> [Exercise] The expected output is an exact copy of each line from the line with "Vlastnosti: magnetická; popisovatelná" through the end of the data below, with no pictures in it.
(Data shown begins)
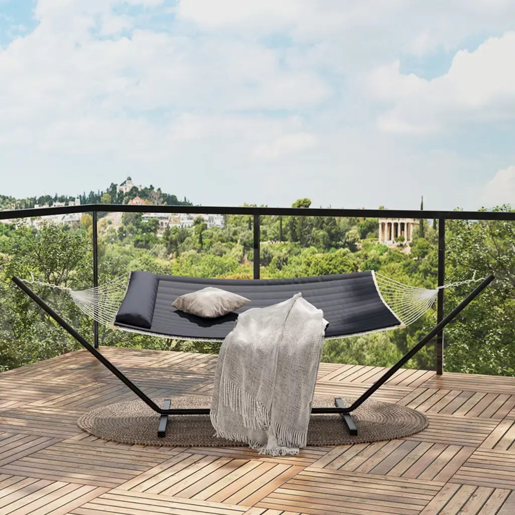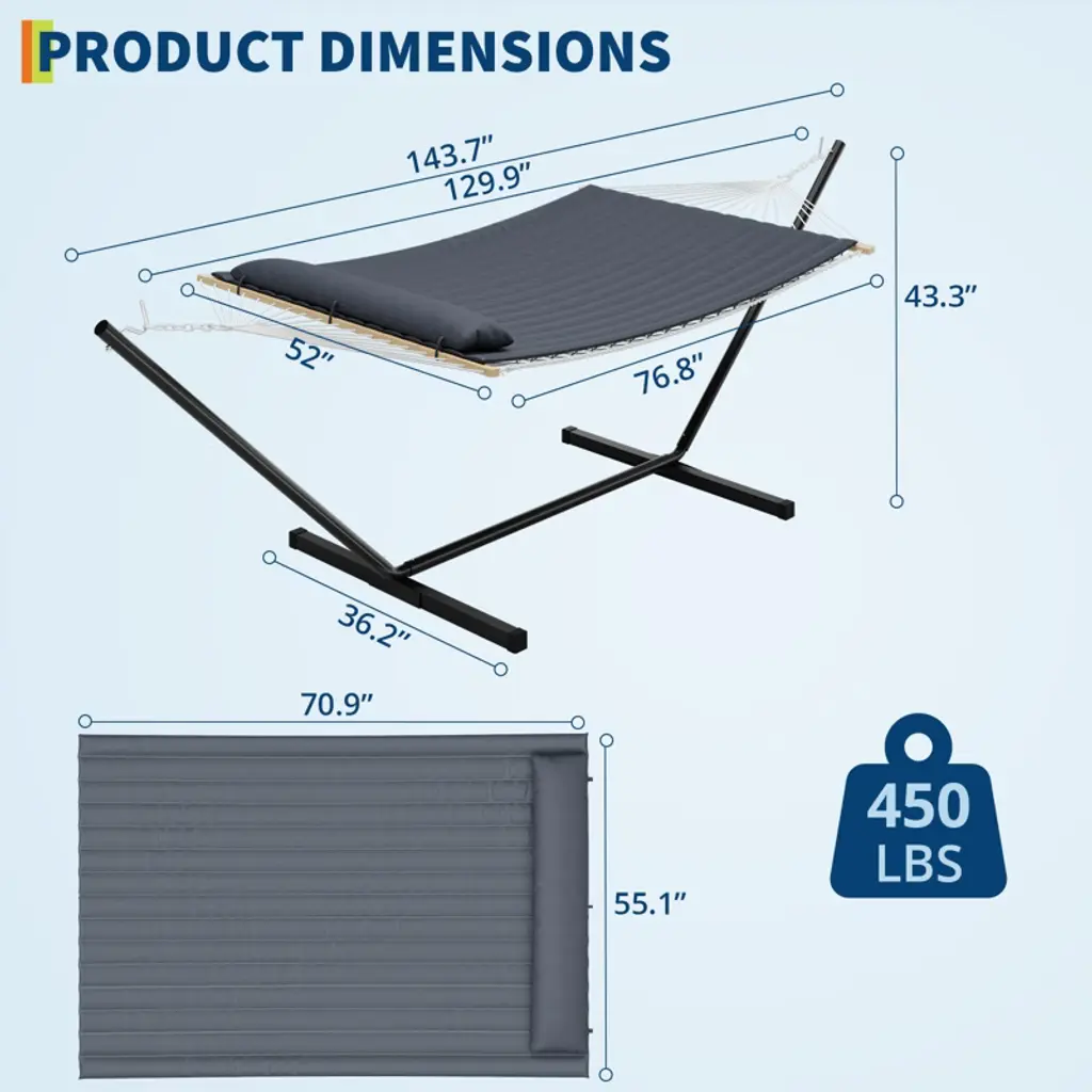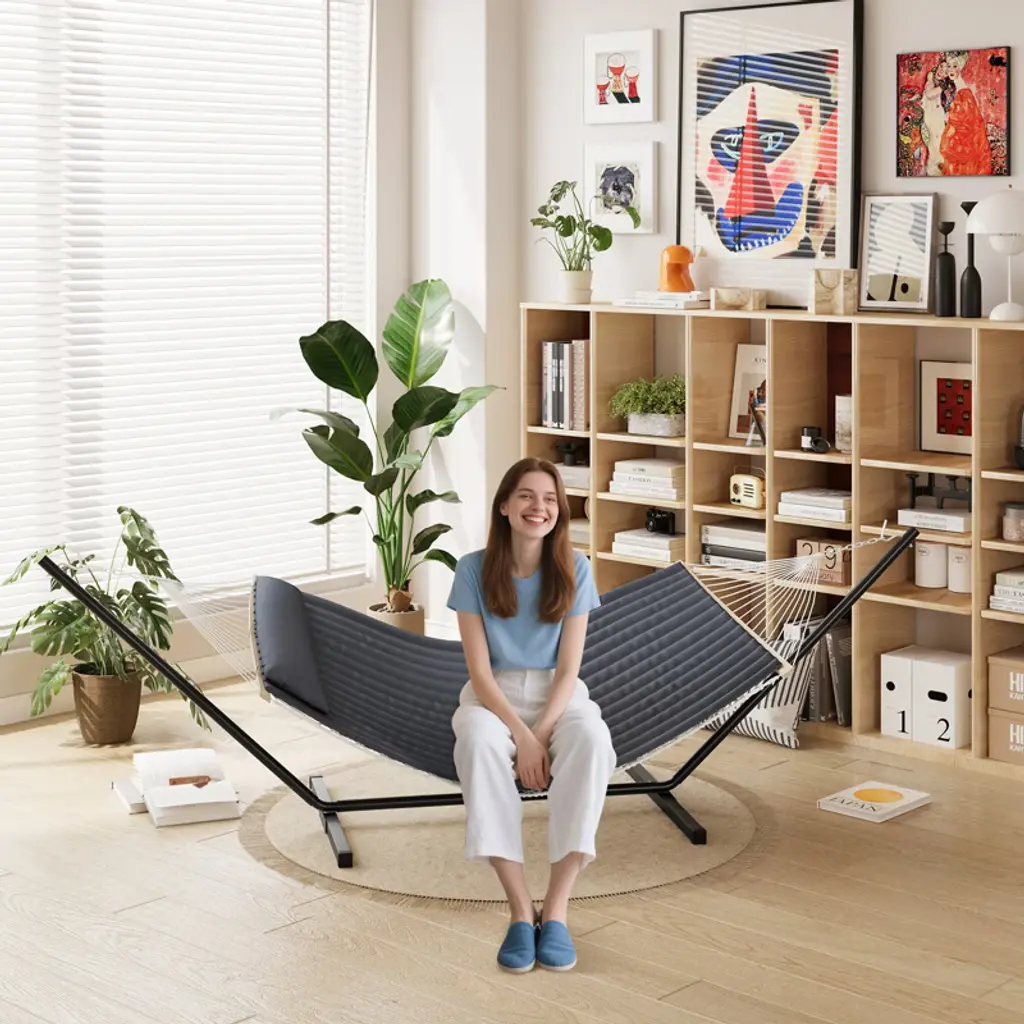 Experience the ultimate in outdoor relaxation with our Instant-Setup 2-Person Hammock featuring a reinforced steel frame. Designed with passionate Brazilian style, its vibrant contrasting color stripes paired with a sleek black steel stand create a stunning centerpiece for your garden, camping site, or beach outing.Crafted from thicker, tightly woven cotton, this hammock provides unparalleled comfort by evenly spreading your weight across the center while the soft fabric gently wraps around you, delivering a gravity-free lounging experience. The durable steel stand and sturdy metal buckle hooks ensure a robust structure capable of supporting up to 450 pounds, making it perfect for two people to enjoy together.Installation is a breeze with our simple, tool-free design—set up your hammock in just 10 minutes and start relaxing right away. Plus, it comes with a convenient nylon travel bag, making it easy to carry and perfect for camping trips, beach days, or any outdoor adventure.Points:- Vibrant Brazilian-inspired design adds a lively touch to your outdoor space- Thick, tightly woven cotton fabric for superior comfort and support- Heavy-duty steel frame and metal buckle hooks support up to 450 lbs- Quick and easy tool-free setup in just 10 minutes- Includes a durable nylon travel bag for portability and convenienceWhether you're looking to unwind in your backyard or take relaxation on the road, this 2-person hammock combines style, comfort, and durability for the perfect outdoor lounger.
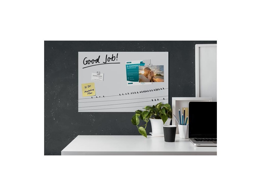 Vlastnosti: magnetická; popisovatelná křídovými popisovači a popisovači na skleněné tabule; snadná montáž na stěnu; exkluzivní vzhled; matný povrch
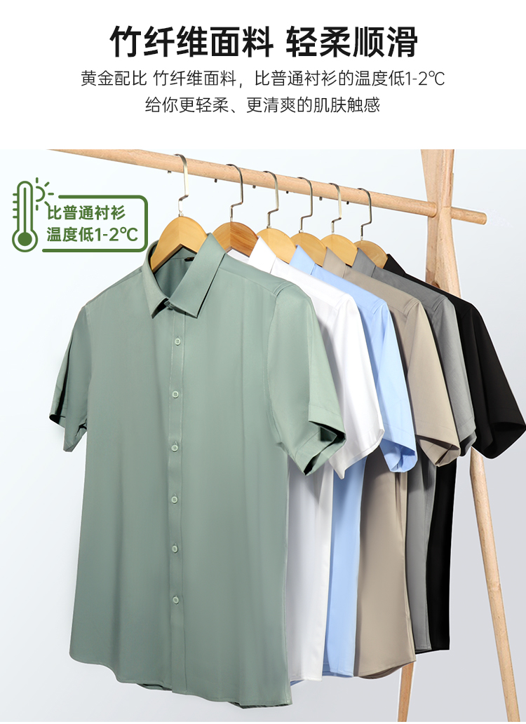 【竹纤维弹力商务衬衫】长袖内搭弹力免烫衬衫柔软修身上衣
(Data shown ends)
> [Solution below]
 Vlastnosti: magnetická; popisovatelná křídovými popisovači a popisovači na skleněné tabule; snadná montáž na stěnu; exkluzivní vzhled; matný povrch
 【竹纤维弹力商务衬衫】长袖内搭弹力免烫衬衫柔软修身上衣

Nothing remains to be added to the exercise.